**THE TASK**
Apart from the images, reproduce every record word for word.

**Data records**
········

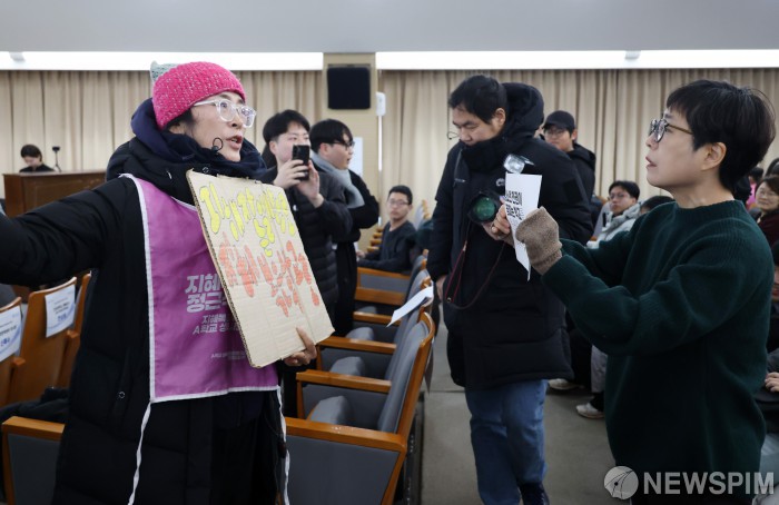 [서울=뉴스핌] 정일구 기자 = 복직 투쟁 중인 중학교 교사 지혜복 씨가 26일 오전 서울 중구 시청 서소문청사에서 열린 제11회 학생인권의 날 기념식에서 행사 참석자와 언쟁을 벌이고 있다. 2026.01.26 mironj19@newspim.com
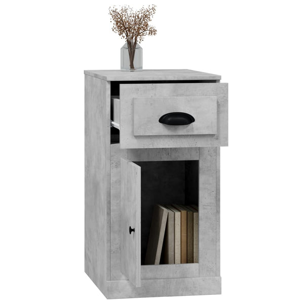 Betoninharmaa sivukaappi laatikolla 40x50x75cm puinen
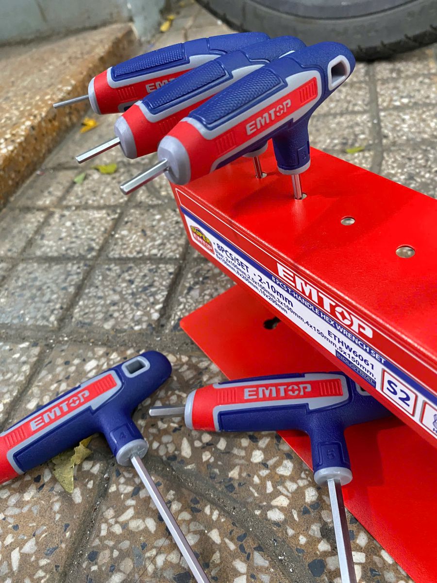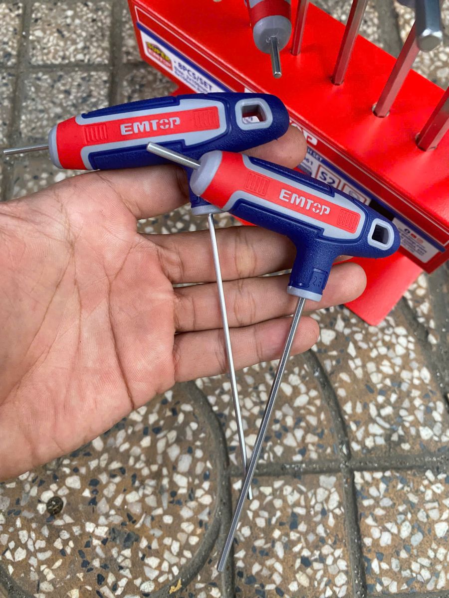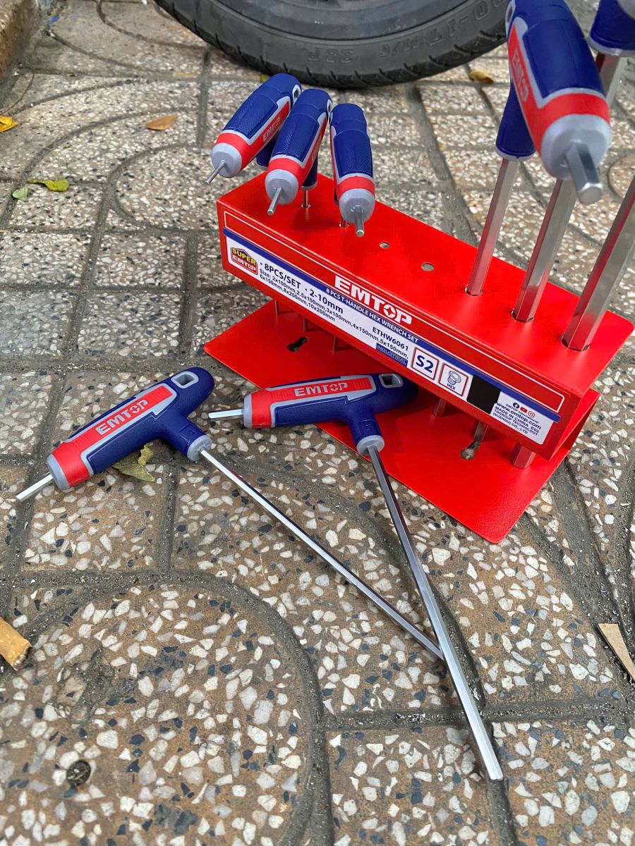 Bộ lục giác tay cầm chữ T 8 chi tiết ( kèm đế sắt ) EMTOP ETHW6061 loại 6 cạnh
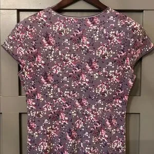 Boden Stretch Jersey Suplice Faux Wrap Dress Purple Floral V-Neck
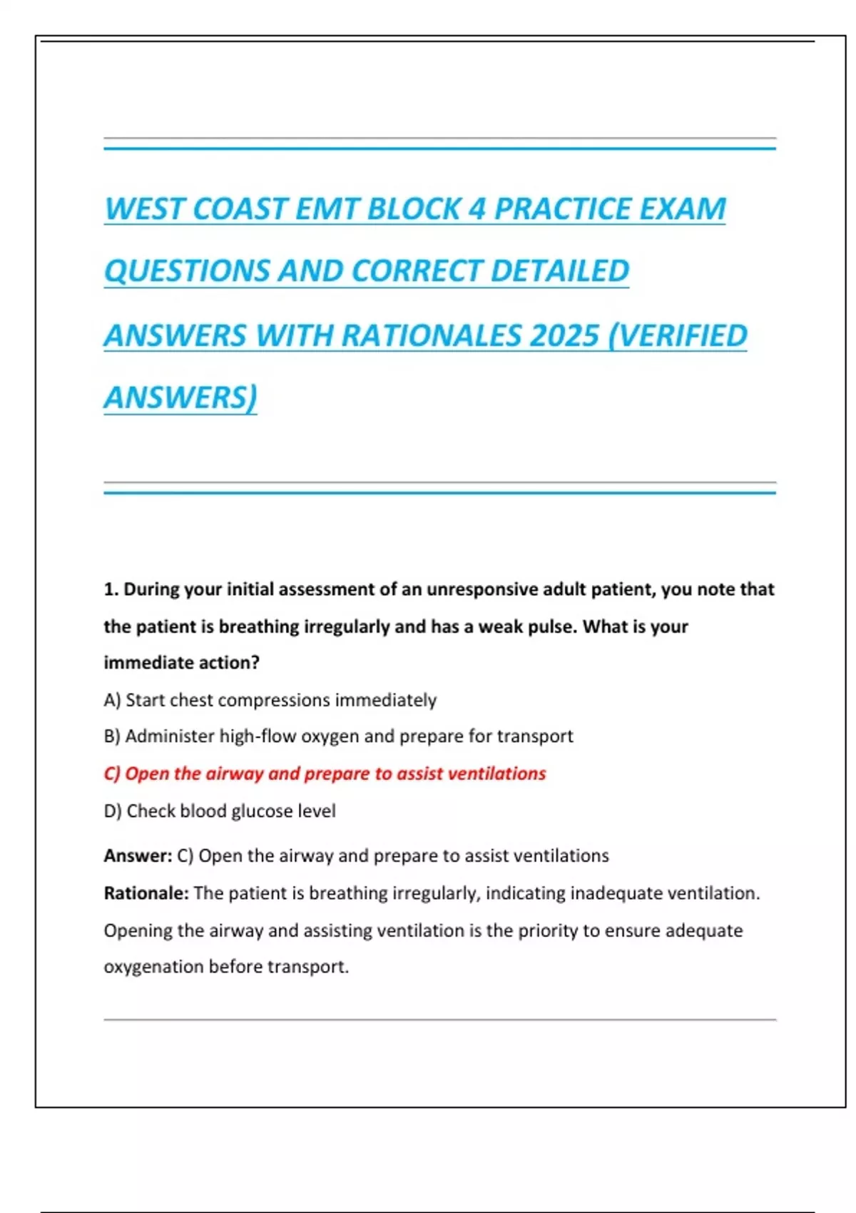 WEST COAST EMT BLOCK 4 PRACTICE EXAM QUESTIONS AND CORRECT DETAILED ANSWERS WITH RATIONALES 2025 (VERIFIED ANSWERS)
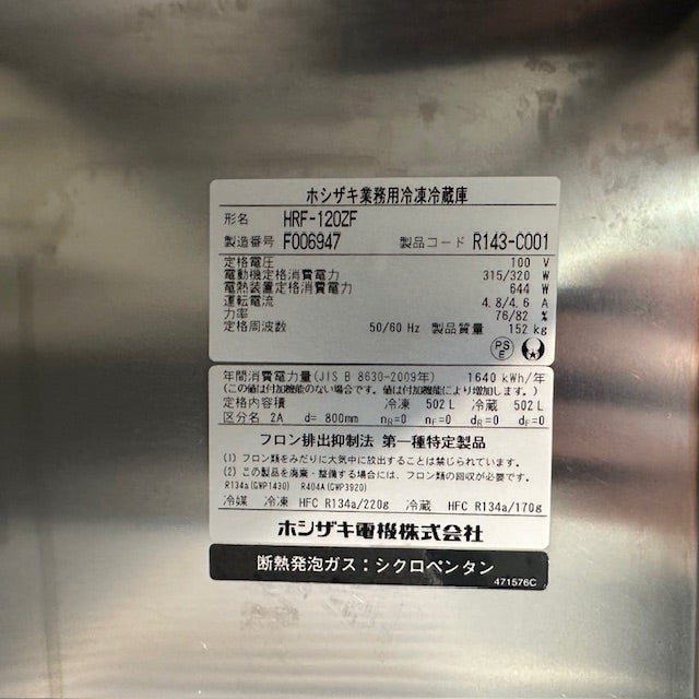 他の画像を見る 2016年製 ホシザキ 縦型冷凍冷蔵庫 HRF-120ZF 東京足立店 中古品 単相100V 定価 ¥ 1,502,600 のところ 販売価格 ¥ 110,000 税込 W1200xD800xH1890商品ランク:B カートに入れる お気に入りに登録する
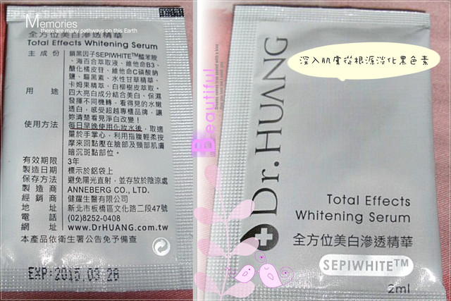 Dr. HUANG 全方位美白滲透精華:http://www.edrhuang.com.tw/prddetail.php?i_item=D01812025&g=0&s=fast1&d=1
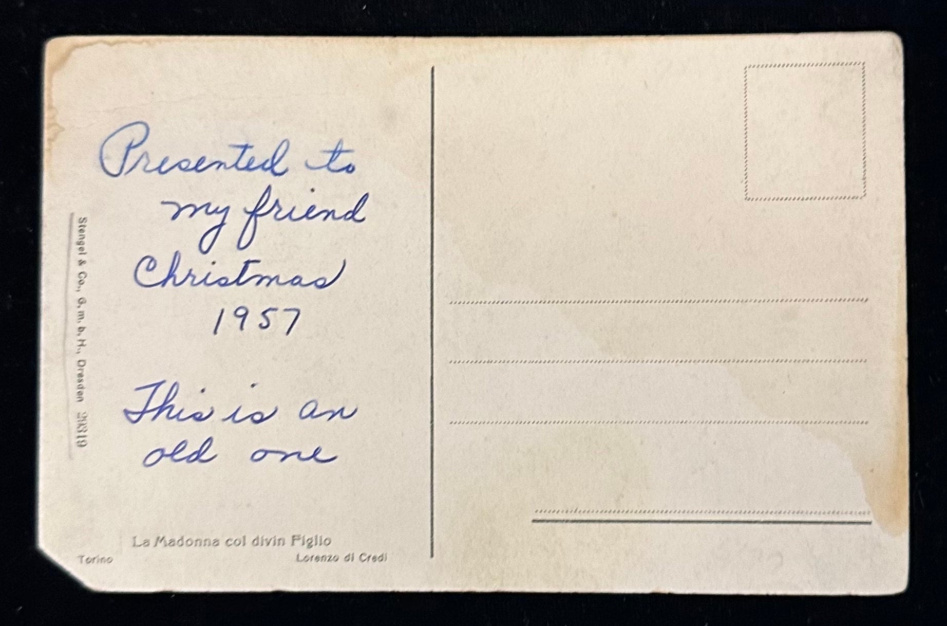 Unmailed: has writing on the back that is dated 1957, no visible stamping or postage on the postcard

········

**RESULT OF THIS TASK**
 [서울=뉴스핌] 정일구 기자 = 복직 투쟁 중인 중학교 교사 지혜복 씨가 26일 오전 서울 중구 시청 서소문청사에서 열린 제11회 학생인권의 날 기념식에서 행사 참석자와 언쟁을 벌이고 있다. 2026.01.26 mironj19@newspim.com
 Betoninharmaa sivukaappi laatikolla 40x50x75cm puinen
 Bộ lục giác tay cầm chữ T 8 chi tiết ( kèm đế sắt ) EMTOP ETHW6061 loại 6 cạnh
 Boden Stretch Jersey Suplice Faux Wrap Dress Purple Floral V-Neck
 WEST COAST EMT BLOCK 4 PRACTICE EXAM QUESTIONS AND CORRECT DETAILED ANSWERS WITH RATIONALES 2025 (VERIFIED ANSWERS)
 他の画像を見る 2016年製 ホシザキ 縦型冷凍冷蔵庫 HRF-120ZF 東京足立店 中古品 単相100V 定価 ¥ 1,502,600 のところ 販売価格 ¥ 110,000 税込 W1200xD800xH1890商品ランク:B カートに入れる お気に入りに登録する
 Dr. HUANG 全方位美白滲透精華:http://www.edrhuang.com.tw/prddetail.php?i_item=D01812025&g=0&s=fast1&d=1
 Unmailed: has writing on the back that is dated 1957, no visible stamping or postage on the postcard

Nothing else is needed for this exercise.